§ Prompt
Output the data that follows, keeping every line identical.

___

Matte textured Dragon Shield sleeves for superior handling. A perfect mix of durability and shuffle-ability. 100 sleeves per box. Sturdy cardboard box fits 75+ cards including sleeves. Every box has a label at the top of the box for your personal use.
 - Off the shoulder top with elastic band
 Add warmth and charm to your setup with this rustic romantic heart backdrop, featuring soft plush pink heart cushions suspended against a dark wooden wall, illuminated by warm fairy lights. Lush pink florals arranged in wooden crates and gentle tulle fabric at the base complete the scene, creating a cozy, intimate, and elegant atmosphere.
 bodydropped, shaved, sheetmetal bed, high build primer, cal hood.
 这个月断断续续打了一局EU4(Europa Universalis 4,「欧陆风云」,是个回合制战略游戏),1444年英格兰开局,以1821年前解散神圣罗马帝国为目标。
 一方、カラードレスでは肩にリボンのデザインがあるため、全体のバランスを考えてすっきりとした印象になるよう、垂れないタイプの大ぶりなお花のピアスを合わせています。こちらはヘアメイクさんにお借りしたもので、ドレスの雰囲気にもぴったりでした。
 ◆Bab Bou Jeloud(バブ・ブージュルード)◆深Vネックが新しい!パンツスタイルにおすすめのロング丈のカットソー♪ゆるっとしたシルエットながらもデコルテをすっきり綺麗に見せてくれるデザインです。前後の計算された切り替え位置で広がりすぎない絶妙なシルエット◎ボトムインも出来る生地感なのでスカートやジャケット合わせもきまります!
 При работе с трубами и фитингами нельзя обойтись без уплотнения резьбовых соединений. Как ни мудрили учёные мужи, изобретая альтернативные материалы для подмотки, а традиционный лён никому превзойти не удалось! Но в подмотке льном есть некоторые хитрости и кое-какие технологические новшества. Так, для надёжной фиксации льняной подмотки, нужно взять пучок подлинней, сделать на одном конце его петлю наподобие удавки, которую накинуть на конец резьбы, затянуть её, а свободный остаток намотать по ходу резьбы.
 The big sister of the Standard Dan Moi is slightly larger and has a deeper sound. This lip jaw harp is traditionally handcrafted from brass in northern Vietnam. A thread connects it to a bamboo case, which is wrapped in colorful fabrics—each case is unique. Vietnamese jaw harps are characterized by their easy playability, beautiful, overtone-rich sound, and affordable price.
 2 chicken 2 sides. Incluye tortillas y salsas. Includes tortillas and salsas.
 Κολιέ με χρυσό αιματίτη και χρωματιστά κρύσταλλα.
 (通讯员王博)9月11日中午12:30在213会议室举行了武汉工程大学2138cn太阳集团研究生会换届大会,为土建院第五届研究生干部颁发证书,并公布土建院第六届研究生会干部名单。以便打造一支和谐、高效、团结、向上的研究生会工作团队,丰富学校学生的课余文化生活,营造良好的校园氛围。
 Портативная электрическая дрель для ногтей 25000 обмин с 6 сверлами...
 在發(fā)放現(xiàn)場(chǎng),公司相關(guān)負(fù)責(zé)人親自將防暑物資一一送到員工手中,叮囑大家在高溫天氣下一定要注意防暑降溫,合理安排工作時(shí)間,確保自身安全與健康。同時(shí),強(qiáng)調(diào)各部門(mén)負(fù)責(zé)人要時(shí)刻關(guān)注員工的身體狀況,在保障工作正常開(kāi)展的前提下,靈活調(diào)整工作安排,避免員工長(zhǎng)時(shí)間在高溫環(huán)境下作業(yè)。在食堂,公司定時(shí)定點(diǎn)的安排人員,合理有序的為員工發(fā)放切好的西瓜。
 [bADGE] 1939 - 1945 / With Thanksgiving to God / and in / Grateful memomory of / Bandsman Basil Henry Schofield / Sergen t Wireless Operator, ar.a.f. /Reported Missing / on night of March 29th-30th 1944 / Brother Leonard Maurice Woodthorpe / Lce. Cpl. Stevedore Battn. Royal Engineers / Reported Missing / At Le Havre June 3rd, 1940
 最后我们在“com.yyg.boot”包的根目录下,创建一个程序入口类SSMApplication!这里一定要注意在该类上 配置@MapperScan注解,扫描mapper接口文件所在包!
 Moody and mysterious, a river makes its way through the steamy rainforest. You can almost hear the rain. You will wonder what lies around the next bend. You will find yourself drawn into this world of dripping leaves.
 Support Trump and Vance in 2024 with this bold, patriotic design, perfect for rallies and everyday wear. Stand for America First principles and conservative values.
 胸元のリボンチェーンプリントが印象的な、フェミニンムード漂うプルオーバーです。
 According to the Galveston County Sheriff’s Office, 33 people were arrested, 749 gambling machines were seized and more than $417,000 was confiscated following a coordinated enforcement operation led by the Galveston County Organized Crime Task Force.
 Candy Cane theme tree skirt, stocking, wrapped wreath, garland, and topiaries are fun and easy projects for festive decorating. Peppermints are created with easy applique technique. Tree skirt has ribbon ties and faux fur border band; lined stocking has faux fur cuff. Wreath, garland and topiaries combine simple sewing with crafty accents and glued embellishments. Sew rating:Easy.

___

§ Solution to this exercise
Matte textured Dragon Shield sleeves for superior handling. A perfect mix of durability and shuffle-ability. 100 sleeves per box. Sturdy cardboard box fits 75+ cards including sleeves. Every box has a label at the top of the box for your personal use.
 - Off the shoulder top with elastic band
 Add warmth and charm to your setup with this rustic romantic heart backdrop, featuring soft plush pink heart cushions suspended against a dark wooden wall, illuminated by warm fairy lights. Lush pink florals arranged in wooden crates and gentle tulle fabric at the base complete the scene, creating a cozy, intimate, and elegant atmosphere.
 bodydropped, shaved, sheetmetal bed, high build primer, cal hood.
 这个月断断续续打了一局EU4(Europa Universalis 4,「欧陆风云」,是个回合制战略游戏),1444年英格兰开局,以1821年前解散神圣罗马帝国为目标。
 一方、カラードレスでは肩にリボンのデザインがあるため、全体のバランスを考えてすっきりとした印象になるよう、垂れないタイプの大ぶりなお花のピアスを合わせています。こちらはヘアメイクさんにお借りしたもので、ドレスの雰囲気にもぴったりでした。
 ◆Bab Bou Jeloud(バブ・ブージュルード)◆深Vネックが新しい!パンツスタイルにおすすめのロング丈のカットソー♪ゆるっとしたシルエットながらもデコルテをすっきり綺麗に見せてくれるデザインです。前後の計算された切り替え位置で広がりすぎない絶妙なシルエット◎ボトムインも出来る生地感なのでスカートやジャケット合わせもきまります!
 При работе с трубами и фитингами нельзя обойтись без уплотнения резьбовых соединений. Как ни мудрили учёные мужи, изобретая альтернативные материалы для подмотки, а традиционный лён никому превзойти не удалось! Но в подмотке льном есть некоторые хитрости и кое-какие технологические новшества. Так, для надёжной фиксации льняной подмотки, нужно взять пучок подлинней, сделать на одном конце его петлю наподобие удавки, которую накинуть на конец резьбы, затянуть её, а свободный остаток намотать по ходу резьбы.
 The big sister of the Standard Dan Moi is slightly larger and has a deeper sound. This lip jaw harp is traditionally handcrafted from brass in northern Vietnam. A thread connects it to a bamboo case, which is wrapped in colorful fabrics—each case is unique. Vietnamese jaw harps are characterized by their easy playability, beautiful, overtone-rich sound, and affordable price.
 2 chicken 2 sides. Incluye tortillas y salsas. Includes tortillas and salsas.
 Κολιέ με χρυσό αιματίτη και χρωματιστά κρύσταλλα.
 (通讯员王博)9月11日中午12:30在213会议室举行了武汉工程大学2138cn太阳集团研究生会换届大会,为土建院第五届研究生干部颁发证书,并公布土建院第六届研究生会干部名单。以便打造一支和谐、高效、团结、向上的研究生会工作团队,丰富学校学生的课余文化生活,营造良好的校园氛围。
 Портативная электрическая дрель для ногтей 25000 обмин с 6 сверлами...
 在發(fā)放現(xiàn)場(chǎng),公司相關(guān)負(fù)責(zé)人親自將防暑物資一一送到員工手中,叮囑大家在高溫天氣下一定要注意防暑降溫,合理安排工作時(shí)間,確保自身安全與健康。同時(shí),強(qiáng)調(diào)各部門(mén)負(fù)責(zé)人要時(shí)刻關(guān)注員工的身體狀況,在保障工作正常開(kāi)展的前提下,靈活調(diào)整工作安排,避免員工長(zhǎng)時(shí)間在高溫環(huán)境下作業(yè)。在食堂,公司定時(shí)定點(diǎn)的安排人員,合理有序的為員工發(fā)放切好的西瓜。
 [bADGE] 1939 - 1945 / With Thanksgiving to God / and in / Grateful memomory of / Bandsman Basil Henry Schofield / Sergen t Wireless Operator, ar.a.f. /Reported Missing / on night of March 29th-30th 1944 / Brother Leonard Maurice Woodthorpe / Lce. Cpl. Stevedore Battn. Royal Engineers / Reported Missing / At Le Havre June 3rd, 1940
 最后我们在“com.yyg.boot”包的根目录下,创建一个程序入口类SSMApplication!这里一定要注意在该类上 配置@MapperScan注解,扫描mapper接口文件所在包!
 Moody and mysterious, a river makes its way through the steamy rainforest. You can almost hear the rain. You will wonder what lies around the next bend. You will find yourself drawn into this world of dripping leaves.
 Support Trump and Vance in 2024 with this bold, patriotic design, perfect for rallies and everyday wear. Stand for America First principles and conservative values.
 胸元のリボンチェーンプリントが印象的な、フェミニンムード漂うプルオーバーです。
 According to the Galveston County Sheriff’s Office, 33 people were arrested, 749 gambling machines were seized and more than $417,000 was confiscated following a coordinated enforcement operation led by the Galveston County Organized Crime Task Force.
 Candy Cane theme tree skirt, stocking, wrapped wreath, garland, and topiaries are fun and easy projects for festive decorating. Peppermints are created with easy applique technique. Tree skirt has ribbon ties and faux fur border band; lined stocking has faux fur cuff. Wreath, garland and topiaries combine simple sewing with crafty accents and glued embellishments. Sew rating:Easy.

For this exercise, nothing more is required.